ABOUT THIS TASK –
For this listing, reproduce the line with "DOTCOMCANVAS® Premium Leinwandbild", the line with "お昼は餃子料理のお店に連れて", and the lines between, exactly as they stand. Leave out pictures and all other lines.

MATERIAL FOR THIS TASK –
=== Section Start ===

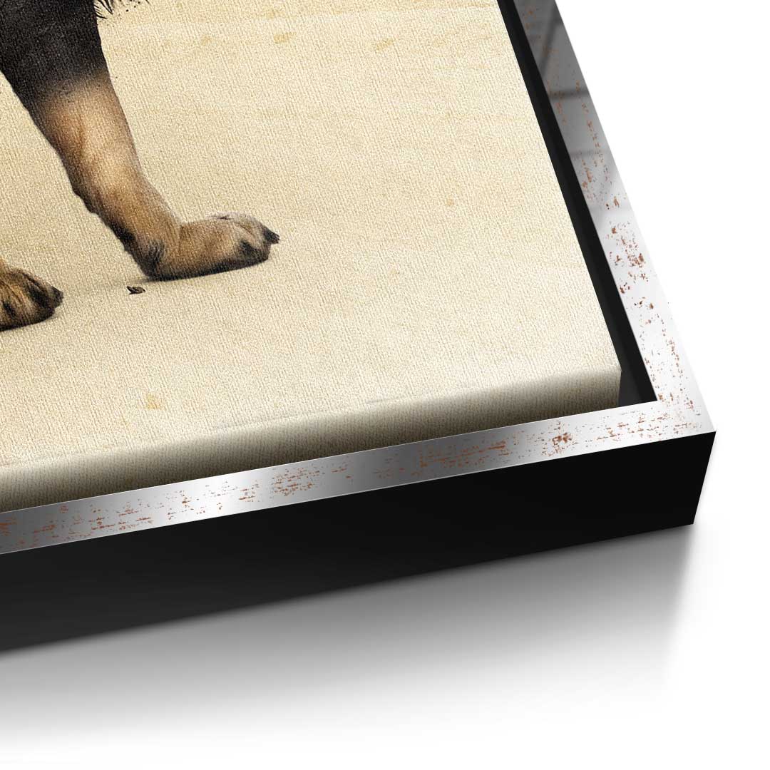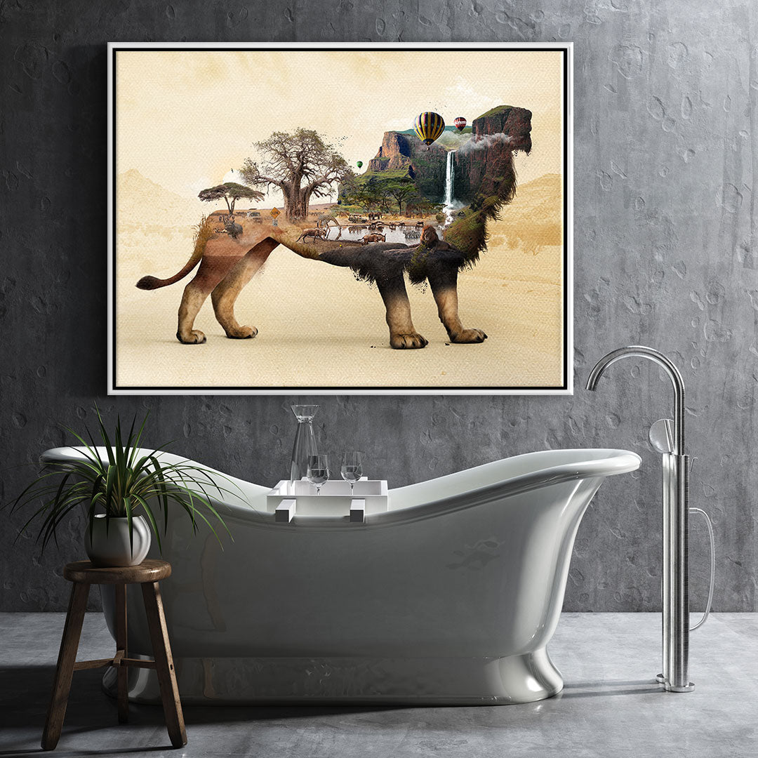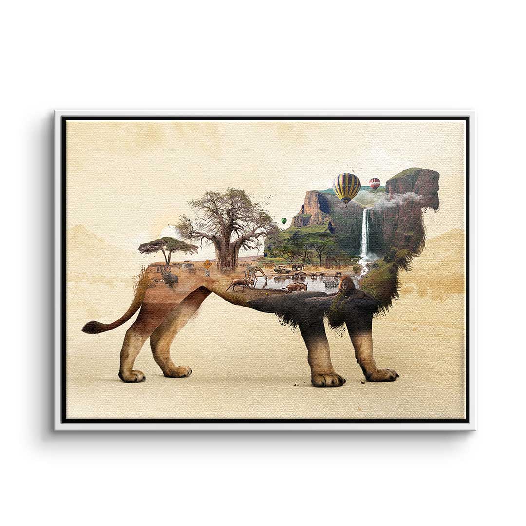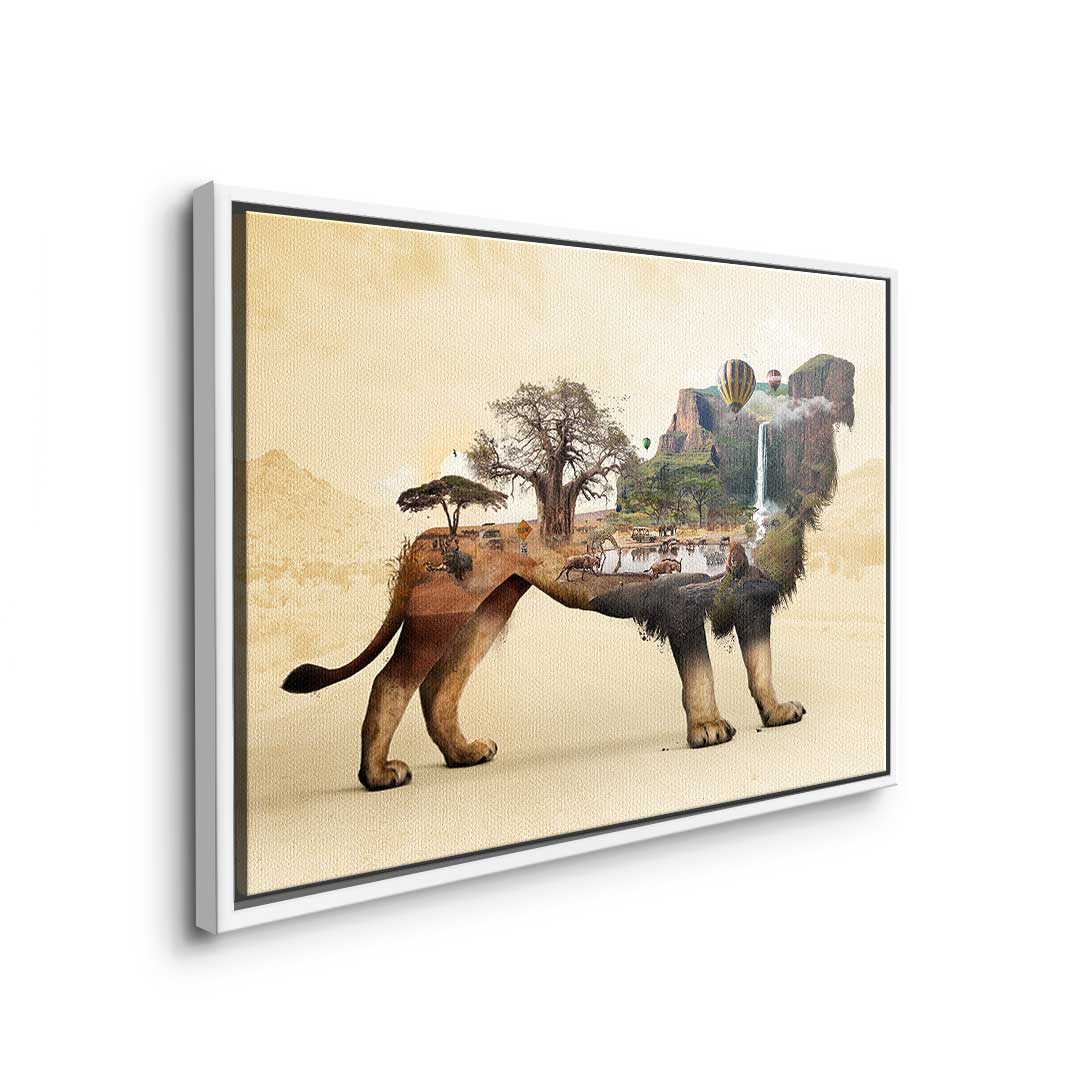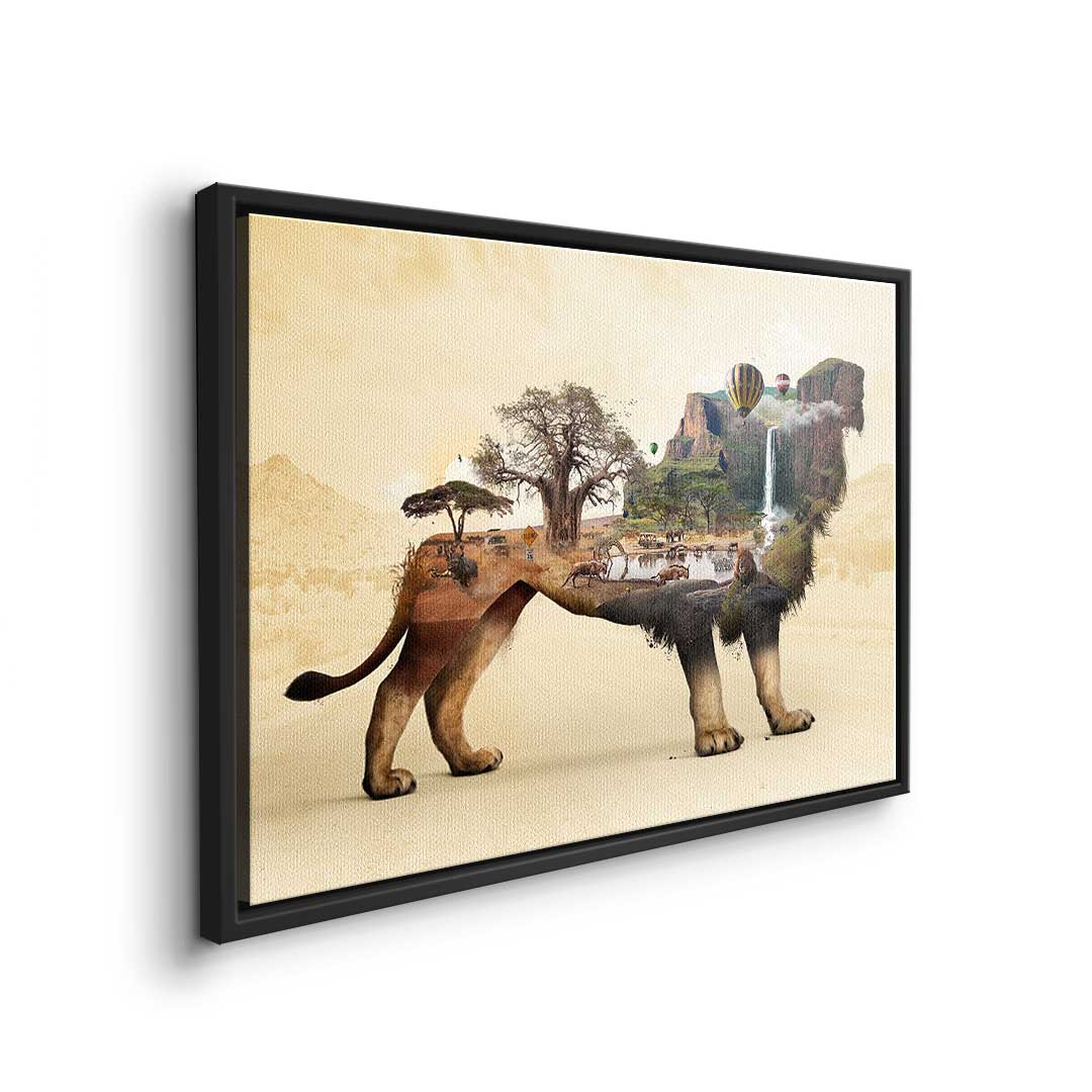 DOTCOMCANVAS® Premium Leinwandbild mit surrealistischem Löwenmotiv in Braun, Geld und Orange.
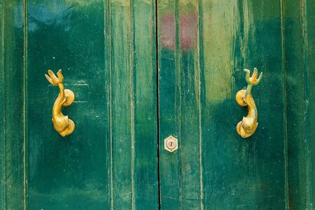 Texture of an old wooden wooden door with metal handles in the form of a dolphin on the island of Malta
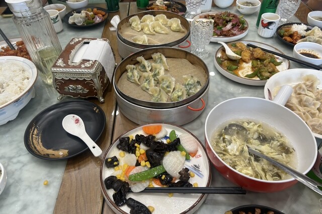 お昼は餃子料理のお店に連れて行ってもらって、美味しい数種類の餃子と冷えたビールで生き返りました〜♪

=== Section End ===
=== Section Start ===

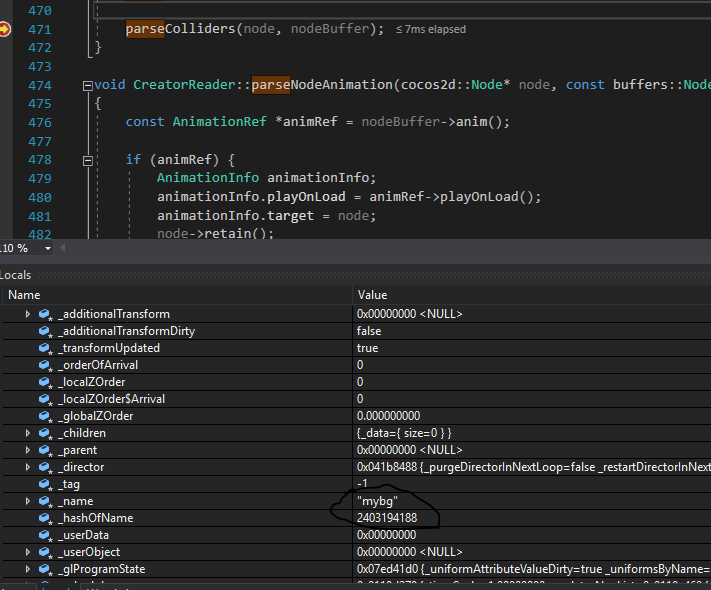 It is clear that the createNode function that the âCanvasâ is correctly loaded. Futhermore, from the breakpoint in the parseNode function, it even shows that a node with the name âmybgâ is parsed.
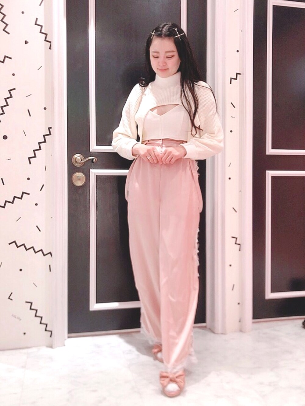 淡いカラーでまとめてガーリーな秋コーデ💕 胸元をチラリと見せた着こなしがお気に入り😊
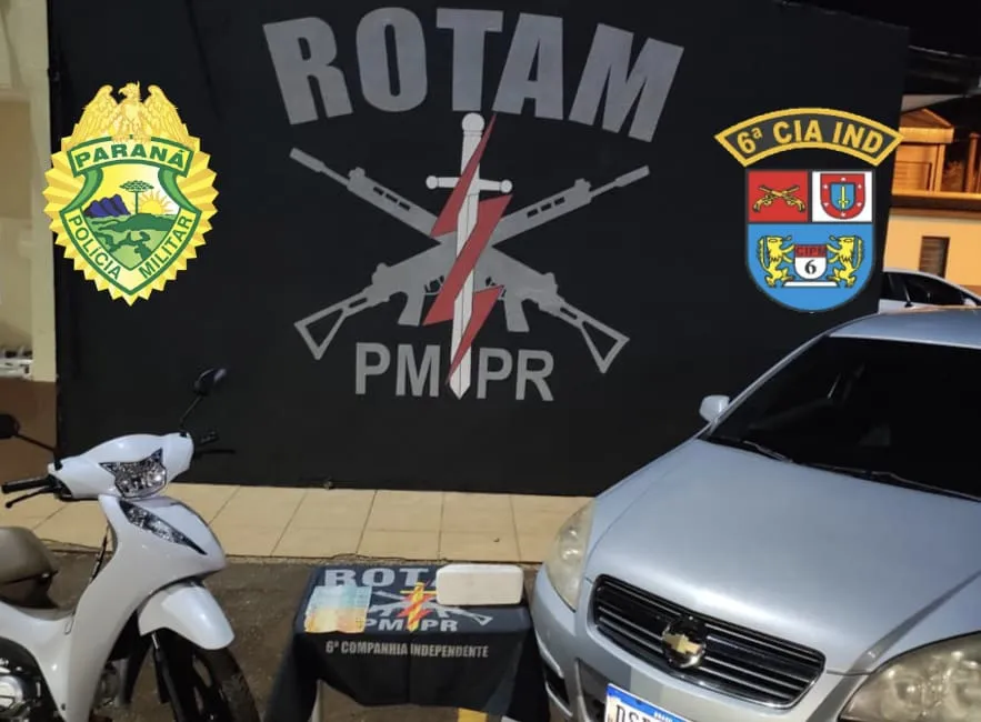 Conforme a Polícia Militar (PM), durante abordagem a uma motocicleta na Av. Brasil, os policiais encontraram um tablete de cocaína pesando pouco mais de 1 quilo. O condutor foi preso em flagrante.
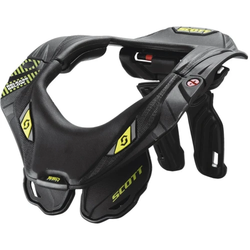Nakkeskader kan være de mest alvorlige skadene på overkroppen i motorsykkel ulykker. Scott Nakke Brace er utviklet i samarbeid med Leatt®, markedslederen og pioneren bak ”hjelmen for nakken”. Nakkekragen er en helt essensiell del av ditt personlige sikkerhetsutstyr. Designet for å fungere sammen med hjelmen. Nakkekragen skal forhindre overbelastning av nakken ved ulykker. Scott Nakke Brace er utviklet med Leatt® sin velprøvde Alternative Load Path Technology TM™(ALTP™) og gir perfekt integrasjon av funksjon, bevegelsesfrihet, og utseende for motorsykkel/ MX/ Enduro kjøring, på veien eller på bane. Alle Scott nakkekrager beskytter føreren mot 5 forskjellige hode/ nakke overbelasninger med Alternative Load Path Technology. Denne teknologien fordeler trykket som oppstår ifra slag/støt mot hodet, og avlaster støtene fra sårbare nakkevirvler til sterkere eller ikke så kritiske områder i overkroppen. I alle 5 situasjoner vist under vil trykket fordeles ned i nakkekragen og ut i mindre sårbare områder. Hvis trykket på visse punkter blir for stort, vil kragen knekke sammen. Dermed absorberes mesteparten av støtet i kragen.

=== Section End ===

ANSWER BELOW –
 DOTCOMCANVAS® Premium Leinwandbild mit surrealistischem Löwenmotiv in Braun, Geld und Orange.
 Texture of an old wooden wooden door with metal handles in the form of a dolphin on the island of Malta
 お昼は餃子料理のお店に連れて行ってもらって、美味しい数種類の餃子と冷えたビールで生き返りました〜♪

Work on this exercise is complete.